■ EXERCISE
Your task is to transcribe, word for word, the line containing "Samsung TV Big" and all lines that follow it to the end of the entries. Leave out the pictures.

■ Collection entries
=======
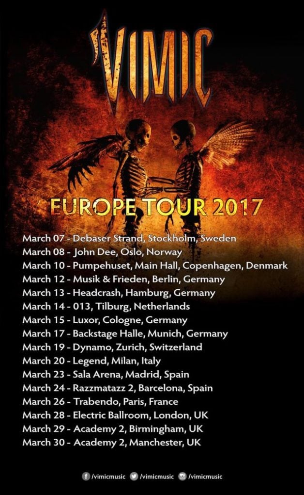 VIMIC, la nueva banda liderada por el que fuera batería de SLIPKNOT, Joey Jordison, iniciarán una gira como cabezas de cartel por Europa el próximo mes de marzo. Este tour dará comienzo el 7 de marzo en Estocolmo, y finalizará en tierras británicas, en Manchester, el 30 del mismo mes.
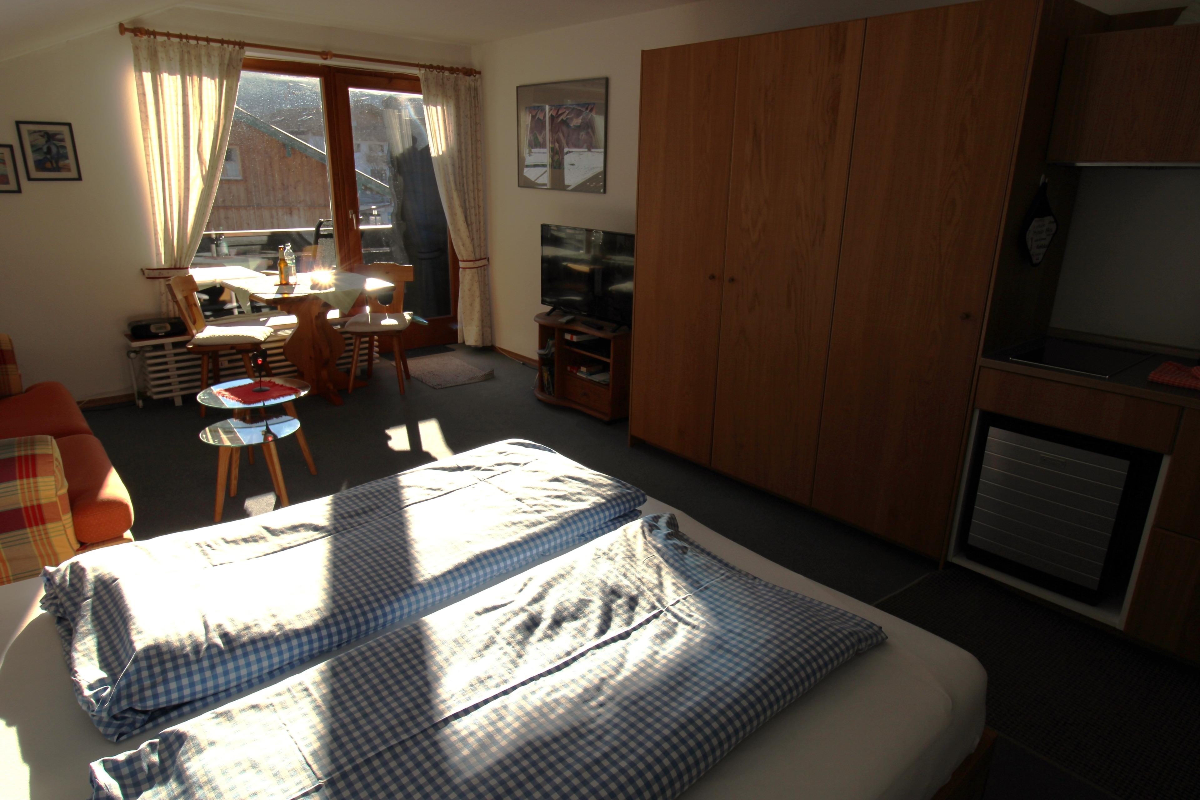 Die Ferienwohnung Blüm ist Ihr gemütlicher Ausgangspunkt in Mittenwald und für alle Unternehmungen geeignet. Das Appartement ist mit kombiniertem Wohn-/Schlafraum gemütlich eingerichtet und in der Kitchenette können Sie ihr Frühstück und kleinere Speisen selbst zubereiten. Eine DU/WC, sowie ein offener Vorraum komplettieren das Angebot. Highlights sind die zentrumsnahe Lage, wodurch Sie in der Lage sind, die täglichen Einkäufe zu Fuss zu erledigen und der Südbalkon mit herrlichem Blick auf das Karwendel- und Wettersteingebirge. Ein PKW-Stellplatz befindet sich am Haus.
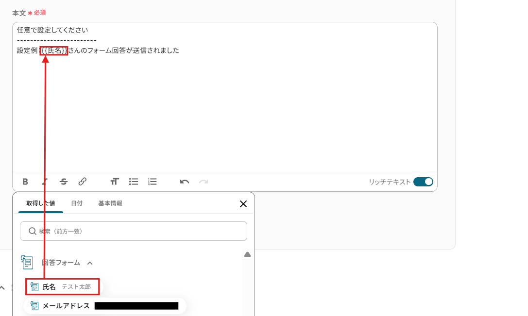 たとえば、「フォームが回答されました。」など定型的な文章は直接入力し、「氏名」などフォームの回答データを引用したい部分は、「取得した値」からアウトプットを用いて入力してください。
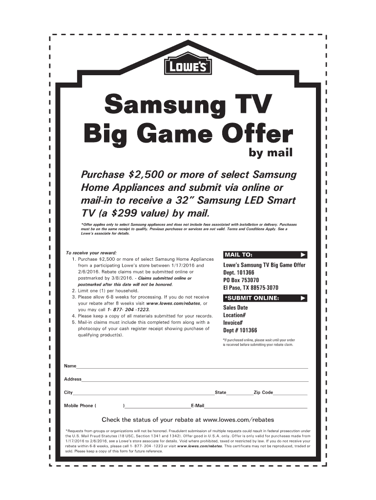 Samsung TV Big Game Offer by mail Purchase $2,500 or more of select Samsung Home Appliances and submit via online or mailing to receive a 32 Samsung LED Smart TV (a ×299 value) by mail. *Offer applies
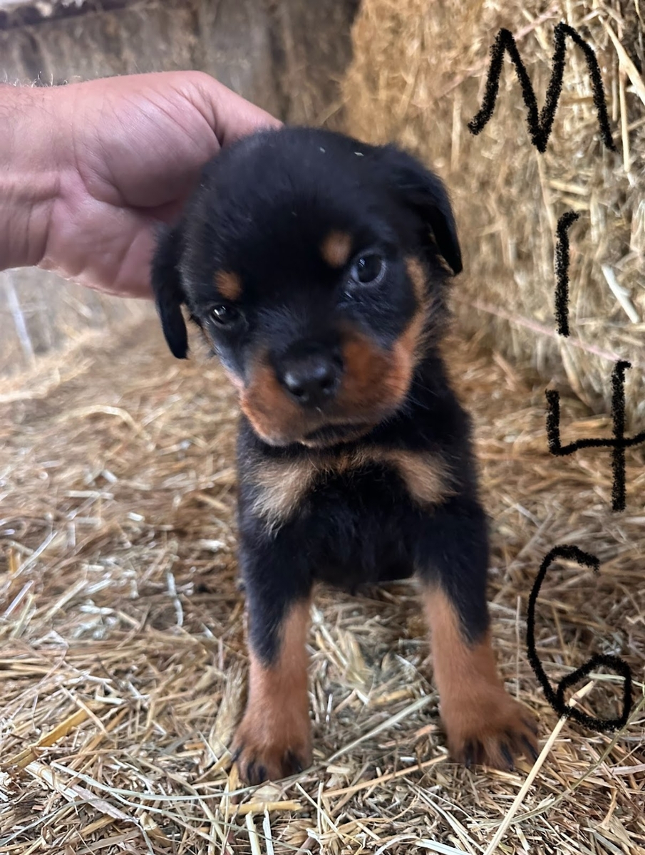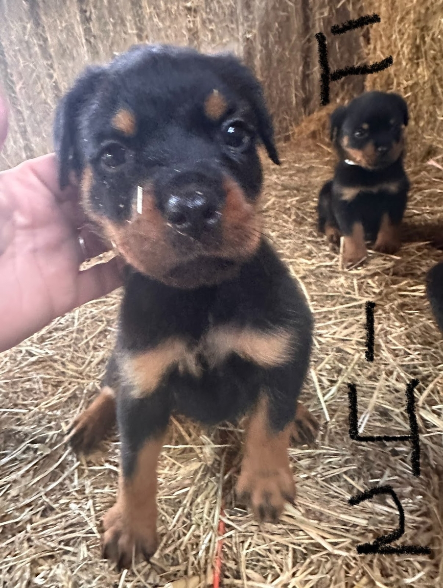 If you decide to join our Rottweiler family, you will receive a puppy that is microchipped with a pamphlet to register your microchip to the national database, and a folder that will contain your puppy's shot records and any notes from the vet. So if your puppy is lost or stolen and even picked up by animal control, and they scan the microchip, it will come back with your name, address, and contact information so that you can be reunited with your puppy. You will also receive a gallon Ziploc baggie full of the dog food that your puppy has gotten used to eating. You can use this dog food to blend with whatever you are going to feed it to make the transition easier, or you can just pick up a bag of what we have been feeding and go from there.
=======
■ RESULT BELOW
 Samsung TV Big Game Offer by mail Purchase $2,500 or more of select Samsung Home Appliances and submit via online or mailing to receive a 32 Samsung LED Smart TV (a ×299 value) by mail. *Offer applies
 If you decide to join our Rottweiler family, you will receive a puppy that is microchipped with a pamphlet to register your microchip to the national database, and a folder that will contain your puppy's shot records and any notes from the vet. So if your puppy is lost or stolen and even picked up by animal control, and they scan the microchip, it will come back with your name, address, and contact information so that you can be reunited with your puppy. You will also receive a gallon Ziploc baggie full of the dog food that your puppy has gotten used to eating. You can use this dog food to blend with whatever you are going to feed it to make the transition easier, or you can just pick up a bag of what we have been feeding and go from there.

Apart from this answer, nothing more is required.